* _YOUR TASK_:
Transcribe exactly, please, the line bearing "콩나물 항아리, 생콩나물" and all later lines through the end of the records, with the pictures left out.

DATA FOR THIS EXERCISE section start

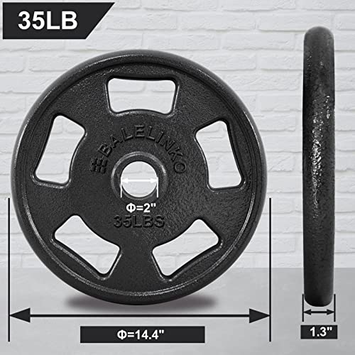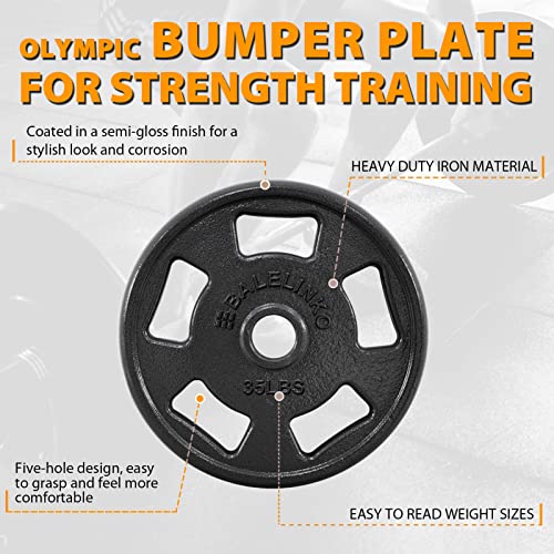 Balelinko Cast Iron 2-Inch Olympic Grip Plate Weight Plate for Strength Training, Weightlifting and Crossfit in Single, 35LB, Black
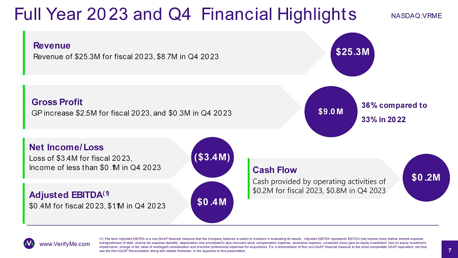 Performance 1 • Positive Adjusted EBITDA (1) for 2023 fiscal year • Revenue of $25.3M for 2023 fiscal year • Double - digit revenue growth in 2024 with H2 growth rate exceeding H1 growth rate Capital • Total cash net of current maturities of long - term debt end of December 2023 of $2.6M • Positive cashflow expected for 2024 • Leaving buy - back plan in place and continually reviewing strategy Precision Logistics • $8.6M Q4 and $24.6M fiscal year (Proforma fiscal year 2022 revenue $24M) • Gross margin 29% in Q1 2023 and averaged 36% across Q2 - Q4 2023 3 2 Strategic Snapshot 5 www.VerifyMe.com NASDAQ:VRME 4 Authentication • $0.2M revenue in Q4 2023 • Key updates • APAC business conditions continue to improve from 2023 • Manuka Health Integrated into Amazon Transparency • Added three sales associates (1) The term Adjusted EBITDA is a non - GAAP financial measure that the Company believes is useful to investors in evaluating its results. Adjusted EBITDA represents EBITDA (net income (loss) before interest expense, extinguishment of debt, income tax expense (benefit), depreciation and amortization) plus non - cash stock compensation expense, s everance expense, unrealized (loss) gain on equity investment, loss on equity investment, impairment of intangibles, change in fair value of contingent consideration and one - time professional expenses for acquisitions. For a reconciliation of this non - GAAP financial measure to the most comparable GAAP equivalent, net loss, see the Non - GAAP Reconciliation along with related footnotes, in the Appendix to this presentation.
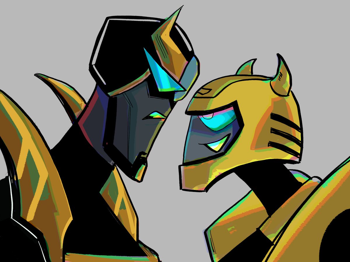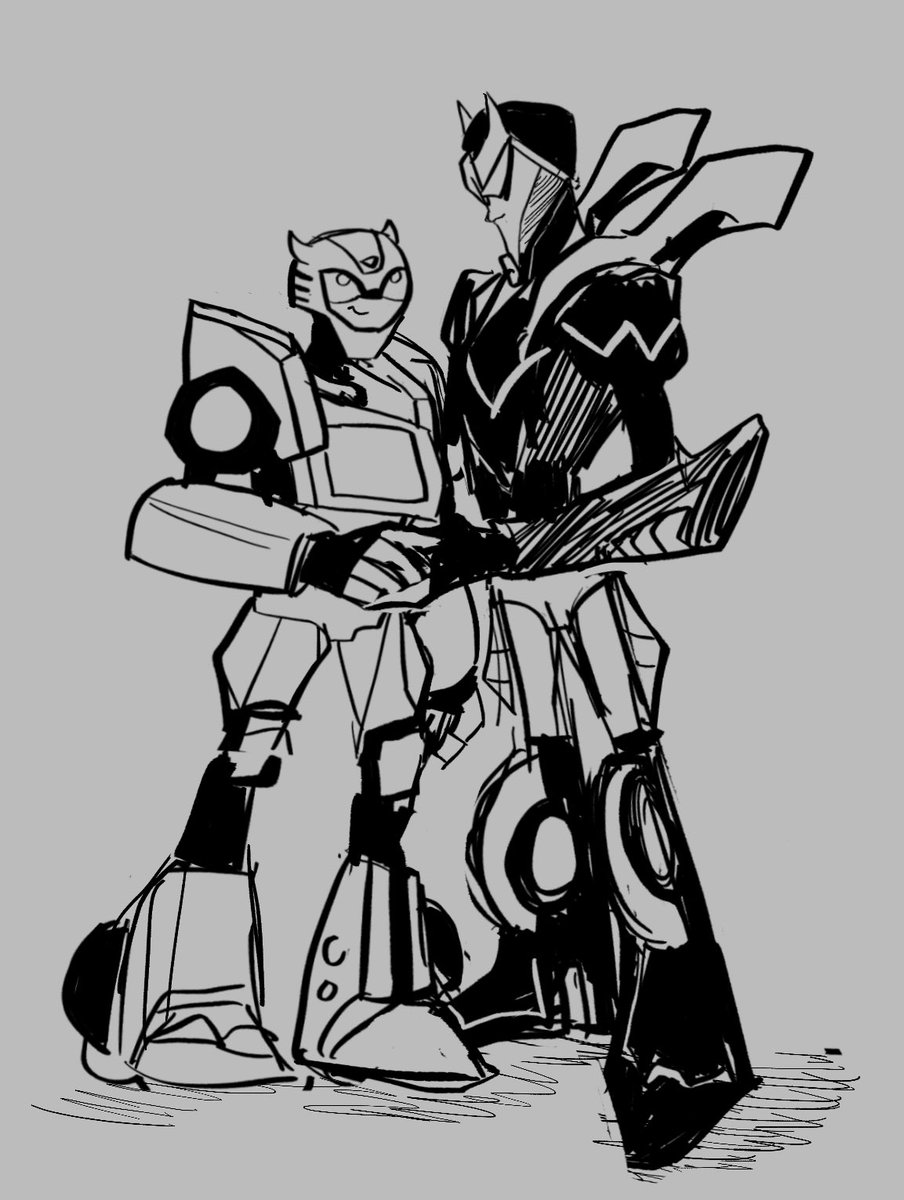 these two are my favorites. prowl is really hard to draw 😹 #tfa #transformersfanart #tfaprowl #tfabumblebee #prowlbee
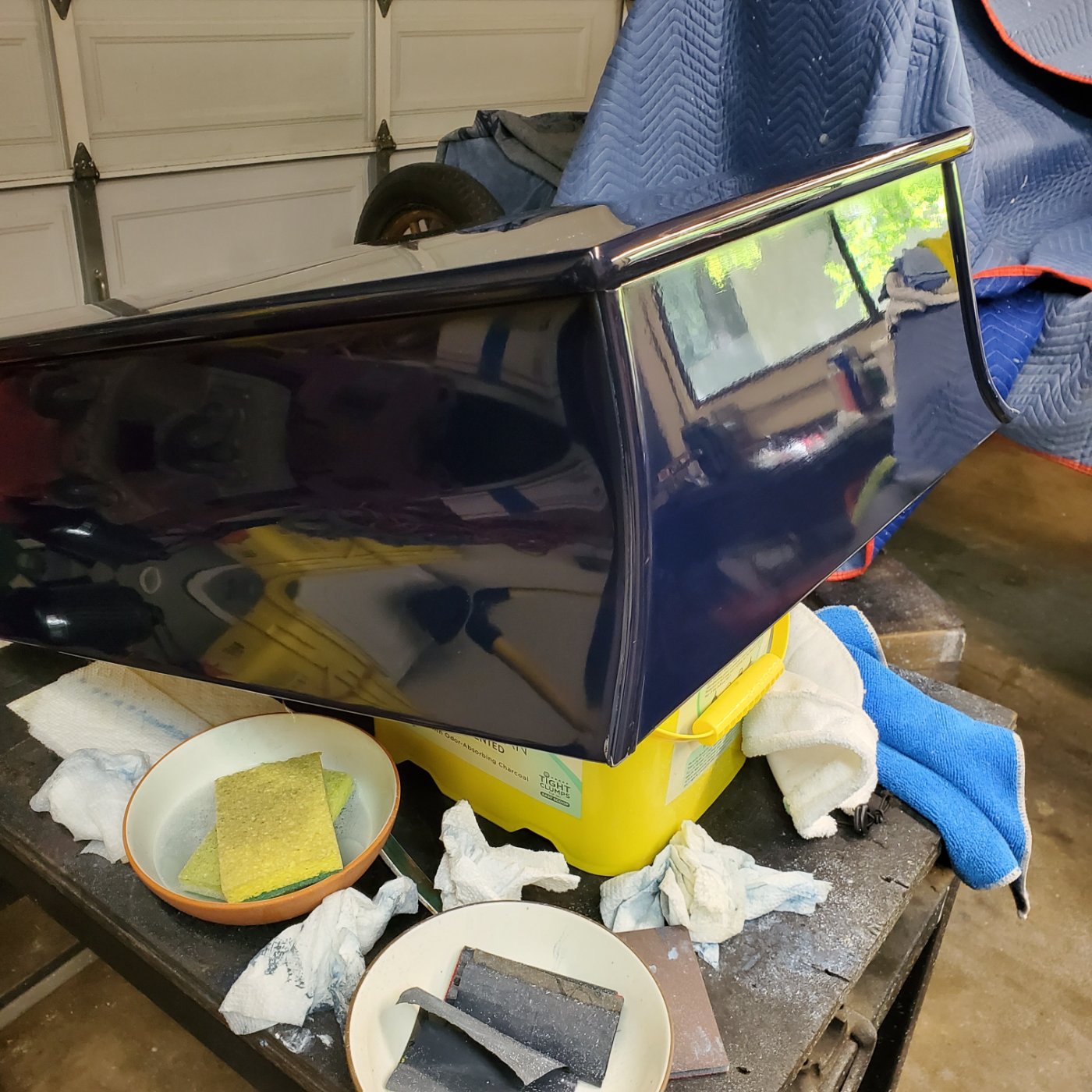 Get an old table or saw horses with a piece of plywood to sit it on. After cleaning and preparing for painting, turn the fender over and prime the underside first. After the primer dries, apply several coats, allowing each coat to dry thoroughly, sanding lightly between coats using 400, then 600 wet dry sandpaper. When done, mask the newly painted underside with newspaper and masking tape to protect from overspray.
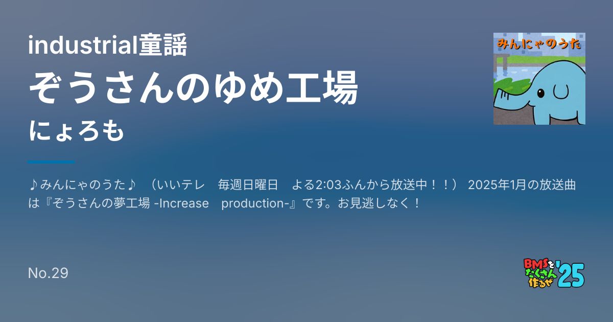 ♪みんにゃのうた♪ (いいテレ 毎週日曜日 よる2:03ふんから放送中!!) 2025年1月の放送曲 は『ぞうさんの夢工場 -Increase production-』です。お見逃しなく!
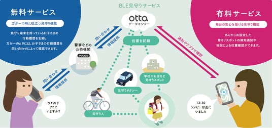 ottaが提供するIoTを活用した地域参加型のタウンセキュリティサービス『otta(おった)』は、専用端末を携帯する子どもが、域内に設置された「見守りスポット」や「見守りタクシー」、「見守り人」付近を通過することで位置情報が記録されます。
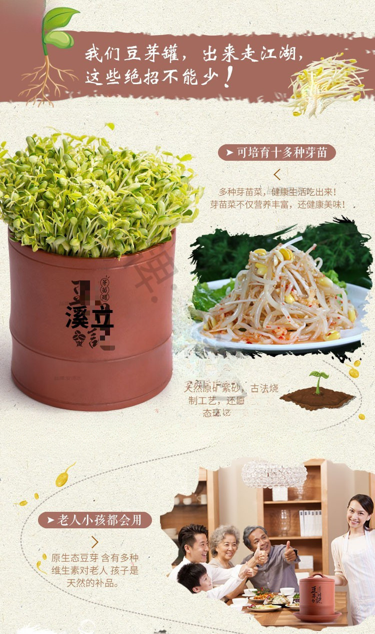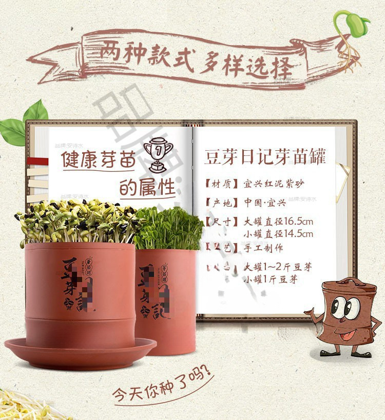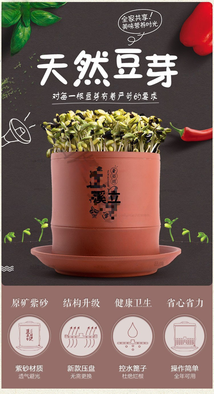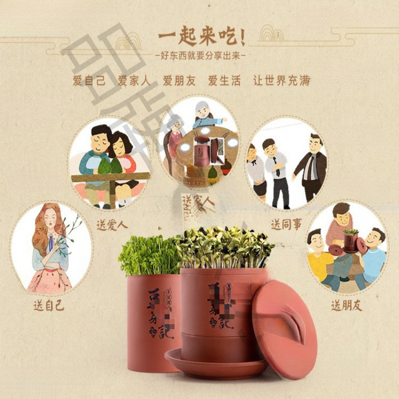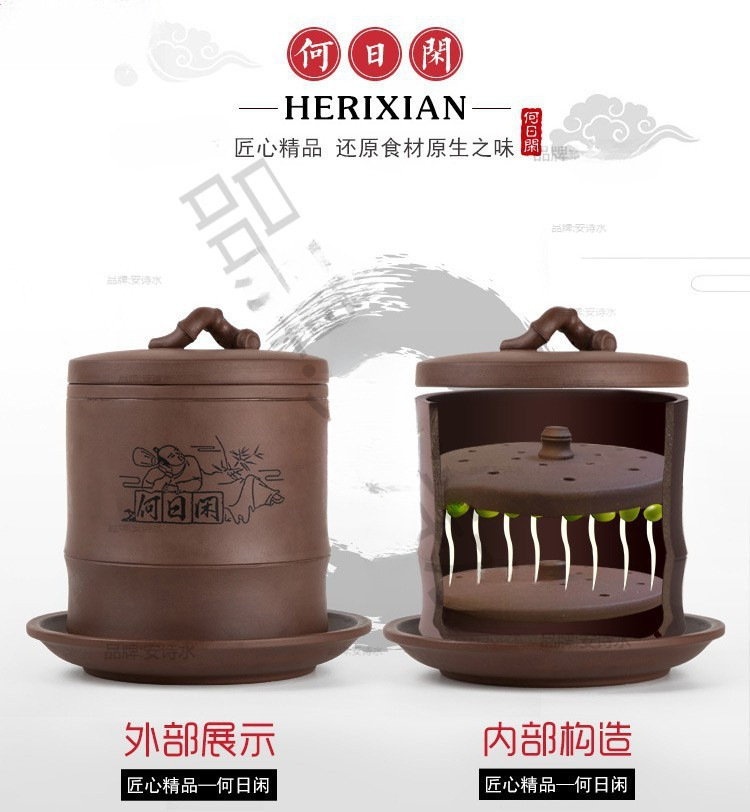 콩나물 항아리, 생콩나물 기계, 가정용 도자기, 완전 자동, 대용량, 콩나물 화분, 보라색 모래 수제 통스토어 가기
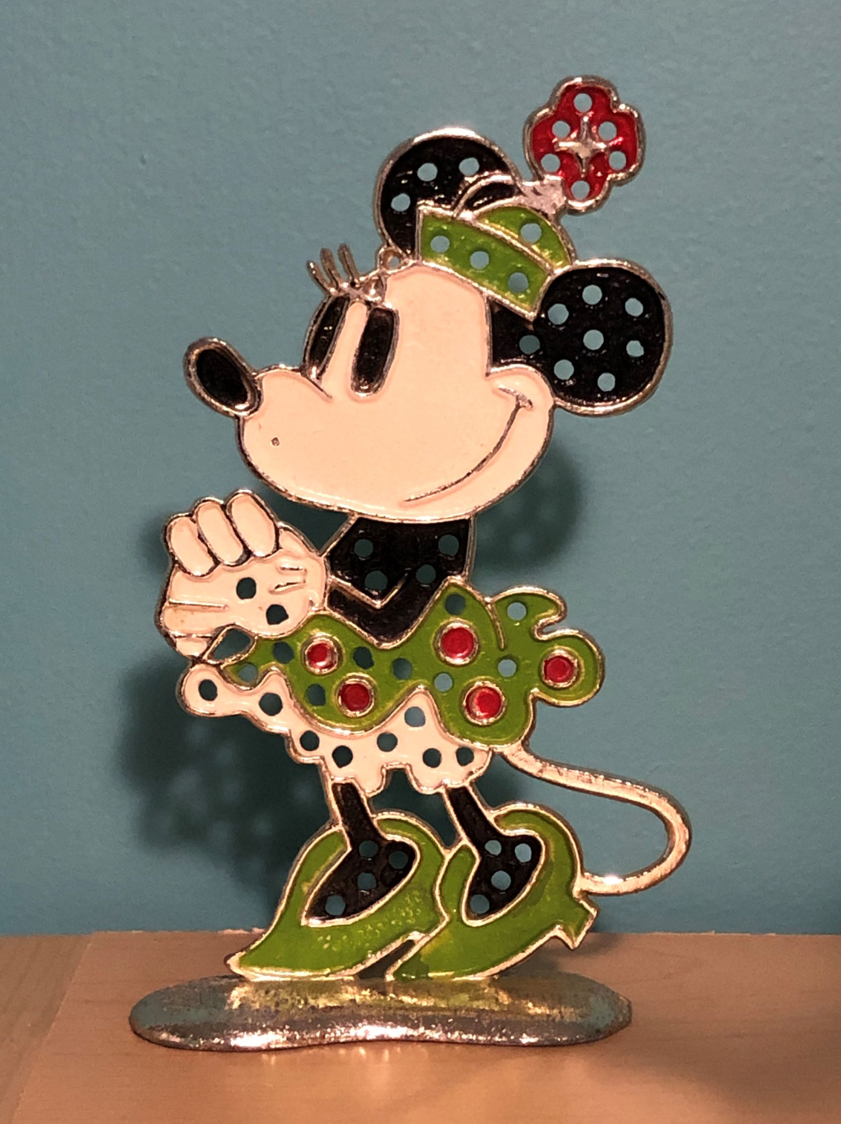 Minnie looks happy enough though, so no harm no foul. Sporting her vintage look with polka dot skirt and that iconic flower hat, she is stylin’ as she guards your best costume jewellery.

DATA FOR THIS EXERCISE section end

* _EXERCISE RESULT_:
 콩나물 항아리, 생콩나물 기계, 가정용 도자기, 완전 자동, 대용량, 콩나물 화분, 보라색 모래 수제 통스토어 가기
 Minnie looks happy enough though, so no harm no foul. Sporting her vintage look with polka dot skirt and that iconic flower hat, she is stylin’ as she guards your best costume jewellery.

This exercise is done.